『肺がん』の症状が出る仕組み。発生場所や組織型による違いとは?【医師監修】

肺がんによる症状は、腫瘍の発生場所や大きさ、周囲組織への影響によって異なります。症状の出方を理解することで、早期発見につながる可能性があります。腫瘍の位置によって中枢型と末梢型に分類され、それぞれ症状の現れ方が異なります。また、組織型によっても進行の速さや転移のしやすさが変わるため、どのような仕組みで症状が生じるのかを知っておくことが大切です。

監修医師:
松本 学(きだ呼吸器・リハビリクリニック)
目次 -INDEX-
肺がんの症状が現れるメカニズム
肺がんによる症状は、腫瘍の発生場所や大きさ、周囲組織への影響によって異なります。症状の出方を理解することで、早期発見につながる可能性があります。
腫瘍の位置と症状の関係
肺がんは、発生する場所によって中枢型と末梢型に分類されます。中枢型は太い気管支に近い部分に発生し、咳や血痰、呼吸困難といった症状が比較的早期から現れやすい傾向があります。一方、末梢型は肺の外側に近い部分に発生するため、初期には症状が乏しく、健康診断や他の検査で偶然発見されることも少なくありません。
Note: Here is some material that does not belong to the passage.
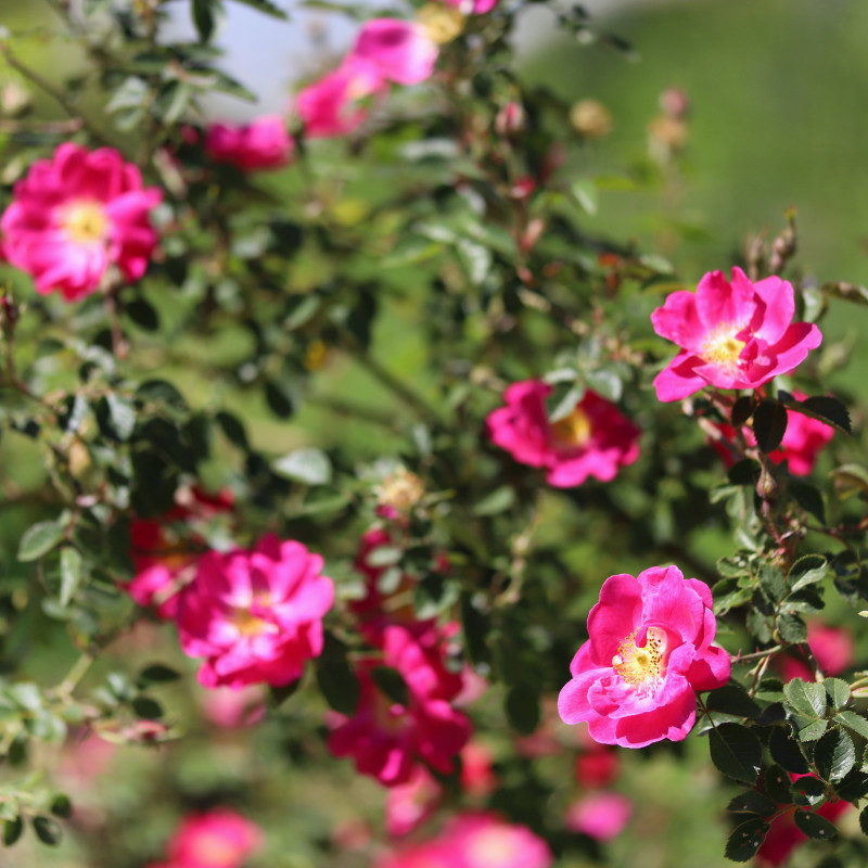 Anne of GeiersteinUn églantier sans entretien aux fleurs rose magenta.
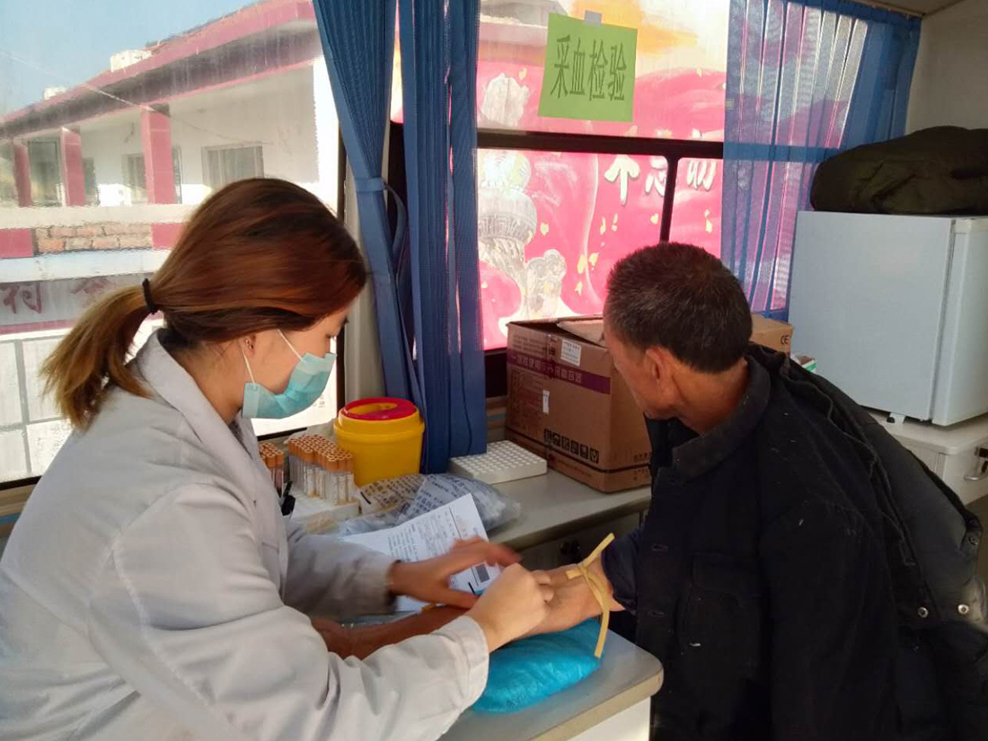 市中医医院体检人员为村民进行抽血检查

腫瘍が大きくなると、周囲の気管支を圧迫したり塞いだりして、空気の通り道が狭くなります。その結果、息苦しさや喘鳴(ぜんめい)といった呼吸困難の症状が生じます。腫瘍によって気管支などの粘膜がダメージを受けたり、脆くなった血管から出血したりすると、咳と一緒に血液が混じることがあります。これが血痰です。
さらに、がん細胞が肺の表面を覆う胸膜に達すると、胸水が溜まることがあります。胸水の貯留は呼吸を妨げ、強い息切れや胸部の圧迫感を引き起こします。このように、症状の現れ方は腫瘍の位置と密接に関連しているため、画像検査による正確な診断が不可欠です。末梢型の場合は無症状のまま進行することもあるため、定期的な検診が重要といえます。
組織型による症状の特徴
肺がんは組織型によって、小細胞肺がんと非小細胞肺がんに大別されます。小細胞肺がんは進行が速く、早い段階でリンパ節や他の臓器に転移しやすい特徴があります。そのため、診断時にはすでに全身症状が現れているケースも多く、倦怠感や体重減少が顕著に見られます。
非小細胞肺がんは、腺がん、扁平上皮がん、大細胞がんなどに分類されます。腺がんは肺の末梢に発生しやすく、比較的ゆっくり進行するため、初期症状が目立たないことが特徴です。一方、扁平上皮がんは中枢の太い気管支に発生しやすく、咳や血痰といった症状が早期から認められる傾向があります。
まとめ
肺がんは、早期発見と適切な治療により、予後が改善する可能性のある疾患です。症状や前兆を見逃さず、気になる変化があれば速やかに医療機関を受診することが重要です。また、喫煙をはじめとするリスク因子を避け、定期的な健康診断を受けることで、早期発見の機会を増やすことができます。治療法は日々進歩しており、患者さん一人ひとりの状態に合わせた個別化医療が実現しつつあります。専門の医療機関と連携しながら適切な治療を選択し、生活の質を保ちながら病気と向き合うことが大切です。